■ **PROBLEM DESCRIPTION**: Begin at the line containing "Children in Need" in the data below and go on through the line containing "P RESIDENT U", repeating each line exactly; include both ends and no other line.

■ **RECORDED DATA**:
◇ ◇ ◇ ◇ ◇

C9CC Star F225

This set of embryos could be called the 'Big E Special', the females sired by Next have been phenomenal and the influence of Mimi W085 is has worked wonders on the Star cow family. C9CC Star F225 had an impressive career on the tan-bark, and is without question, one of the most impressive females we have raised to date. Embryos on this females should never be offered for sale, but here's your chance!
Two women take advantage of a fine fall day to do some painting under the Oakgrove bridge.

◇ ◇ ◇ ◇ ◇

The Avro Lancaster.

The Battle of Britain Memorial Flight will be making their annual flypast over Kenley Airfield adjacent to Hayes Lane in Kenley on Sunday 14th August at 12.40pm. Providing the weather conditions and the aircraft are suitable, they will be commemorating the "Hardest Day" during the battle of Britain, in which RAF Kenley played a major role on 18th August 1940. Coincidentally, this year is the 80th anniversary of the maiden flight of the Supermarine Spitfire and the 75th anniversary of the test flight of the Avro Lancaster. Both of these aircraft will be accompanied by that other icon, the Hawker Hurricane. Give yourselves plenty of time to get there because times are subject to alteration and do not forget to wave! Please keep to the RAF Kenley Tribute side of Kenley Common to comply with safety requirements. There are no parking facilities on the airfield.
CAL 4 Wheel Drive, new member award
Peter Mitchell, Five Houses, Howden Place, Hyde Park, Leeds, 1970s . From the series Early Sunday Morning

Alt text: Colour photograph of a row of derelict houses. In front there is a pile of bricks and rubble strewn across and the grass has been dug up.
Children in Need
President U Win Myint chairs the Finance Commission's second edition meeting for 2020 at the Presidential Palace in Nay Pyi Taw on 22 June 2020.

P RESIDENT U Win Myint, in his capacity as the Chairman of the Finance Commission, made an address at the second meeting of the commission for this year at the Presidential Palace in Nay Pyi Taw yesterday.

◇ ◇ ◇ ◇ ◇

■ **YOUR SOLUTION**:
Children in Need
President U Win Myint chairs the Finance Commission's second edition meeting for 2020 at the Presidential Palace in Nay Pyi Taw on 22 June 2020.

P RESIDENT U Win Myint, in his capacity as the Chairman of the Finance Commission, made an address at the second meeting of the commission for this year at the Presidential Palace in Nay Pyi Taw yesterday.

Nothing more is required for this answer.